The cryptoart moment reached a staggering climax last week when Beeple (Charleston based digital artist Mike Winkelmann’s nom de net) sold his digital artwork Everydays: The First 5,000 Days NFT for over $69 million at Christie’s. This is now the third most expensive work by a living artist in existence. Its wincingly large sale price is symbolic of a recent boom in the NFT market, which grew by 299% in 2020.

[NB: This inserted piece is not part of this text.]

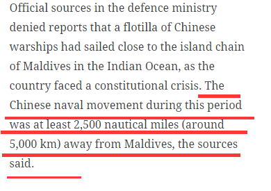 当时,印度国防部还特别给出数据说,中国海军距离马尔代夫的最近距离,也有2500海里(即约5000公里)之多呢。

Digital art like Beeple’s Everydays can be seen, copied, replicated, downloaded, stored or posted by anyone with a device which connects to the internet. It is only able to possess so much financial value because it has an NFT (Non Fungible Token) – a token, which cannot be replicated, signifying that this specific copy of the image is the ‘original.’ Each NFT is a digital record of ownership that lives on the blockchain, and so cryptoart is bought and sold with, and has its value calculated in, cryptocurrencies – namely Ethereum (ETH). This is a value system upheld by the digital fabrication of scarcity: in this way it mimics how the material art market, for all its pomp and circumstance, already functions – an important difference being that this market, inhabiting as it does a purely digital space, can operate in a decentralised manner.

 

The Good

This premises the argument for the good of the cryptoart market: cryptoart as a democratic space – cryptoart as a liberation from exploitative intermediaries – cryptoart as a transparent free market. Blockchain is an inherently decentralising technology inasmuch as control is retained collectively across a network of computers, not by a single group or person, and the data on the blockchain is irreversible, so transactions are permanently recorded and can be viewed by anyone: the data stored on the chain is secure, and incorruptible. Additionally, blockchain technology enables routes to shared ownership that are accessible for younger collectors with shallower pockets, and artists do not need gallery support to launch a crypto art career and sell their work. NFTs present new and significant opportunities for digital art collectors and digital artists, who generally struggle to earn a living creating the work they love. Furthermore, funding initiatives like the Mint Fund are dedicated to helping those from underrepresented communities mint their first NFTs.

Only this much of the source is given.